固定資産の減損(IFRS)

企業会計

固定資産の簿価を回収出来ない可能性を示す事象が生じた場合には、減損の兆候ありとなり、減損検討が必要となります。

以下(1)~(5)のような事実は減損の兆候を示す例であるとして、IFRSに規定されています。

(1) 当該資産に係る営業キャッシュ・フローの継続的な赤字(「IAS36.12(g)」)
(2) 当該資産に係る事業環境の大幅な変更(「IAS36.12(b)/(f)」)
(3) 当該資産の市場価格の大幅な下落(「IAS36.12(a)/(e)」)
(4) 資産の回収可能価額を著しく減少させる市場金利又は他の市場投資収益率の上昇(「IAS36.12(c)」)
(5) 当該資産に係る営業キャッシュ・フロー又は営業損益が、予算よりも著しく悪化していること(「IAS36.14(b)」)

減損の兆候がある場合で、減損テストの結果、資産の回収可能価額が簿価を下回ったときは、簿価を回収可能価額まで減額し、当該減額分を減損損失として計上する必要があります。

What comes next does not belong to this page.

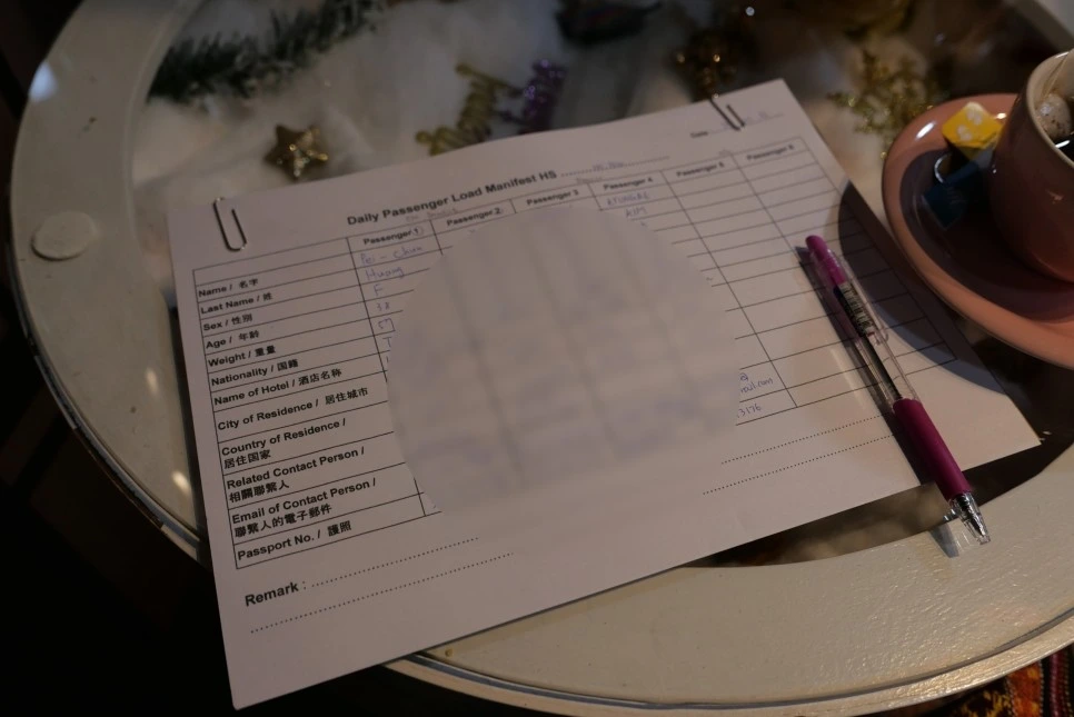 열기구 탑승 전에는 시트에 탑승객 개인 정보와 몸무게를 작성한다. 이후 본격적으로 열기구에 탑승하기 위해 사무실 건물 뒷마당으로 이동했다.
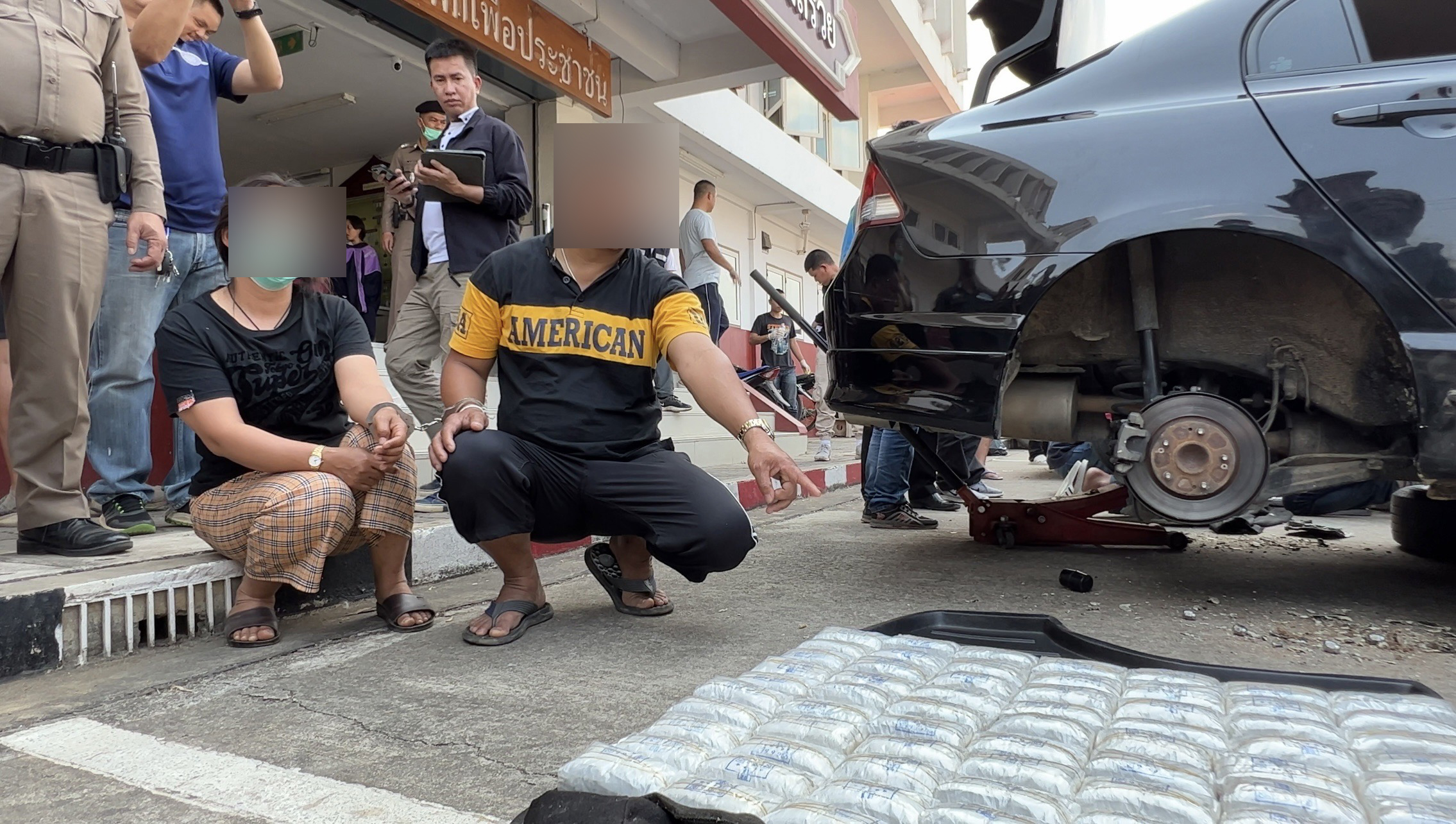!!เชียงราย!! ตำรวจแม่สรวยจับยาบ้าซุกซ่อนช่องลับใต้ประตูเก๋ง 276,000 เม็ด

IFRSにおいて、固定資産の減損テストは1ステップアプローチで実施します。
これに対して、USGAAPにおけるのれん以外の固定資産や日本基準における固定資産の減損テストは、2ステップアプローチでの実施になります。


●1ステップアプローチ
割引前将来キャッシュ・フローとの比較(=下記2ステップの場合の①のステップ)は行わず、「帳簿価額 > 回収可能価額(割引後将来キャッシュ・フロー)」の大小関係となった際に、帳簿価額を回収可能価額まで減額し、減損損失を計上するアプローチを指します。

●2ステップアプローチ
以下①→②の2ステップを経て会計処理するアプローチを指します。

①「帳簿価額 > 割引前将来キャッシュ・フロー」であれば、下記②の第2ステップにて減損損失を算定
②回収可能価額(割引後将来キャッシュ・フロー)を算定し、「帳簿価額 > 回収可能価額(割引後将来キャッシュ・フロー)」の大小関係となった際に、帳簿価額を回収可能価額まで減額し、減損損失を計上

IFRSでは、減損処理後に業績が大幅に回復(戻入れの兆候有りに該当)し、資産の回収可能価額が簿価を上回るときは、過去の減損損失の戻入れ益を計上します。

<過去の減損損失の戻入れ益の計算イメージ>

IFRSのCGU(資金生成単位)とは、減損の検討実施単位を意味します。
買収で生じたのれんについては、CGU又はCGUグループに配分したうえで、減損の検討を実施します。

●のれん以外の固定資産のCGU
のれん以外の固定資産のCGUは、他の資産又は資産グループのキャッシュ・インフローからおおむね独立したキャッシュ・インフローを発生する資産の最小の単位としなければならない、とされています。

●のれんのCGU又はCGUグループへの配分
のれんは、取得企業のCGU又はCGUグループのうち、企業結合のシナジーから便益を得ると見込まれるものに配分します。

のれんが配分されるCGU又はCGUグループは:
・のれんを内部管理目的で監視している企業内の最小のレベルとし、
かつ、
・事業セグメントよりも大きくない、
とされています。

●全社資産の定義
全社資産とは、固定資産の減損の対象となる資産(のれんを除く)のうち、全社的な研究開発拠点、複数の部門や法人で使用する本社建物や福利厚生施設などを指します。
全社資産は独立したキャッシュ・インフローを生み出さないためにCGUには該当しません。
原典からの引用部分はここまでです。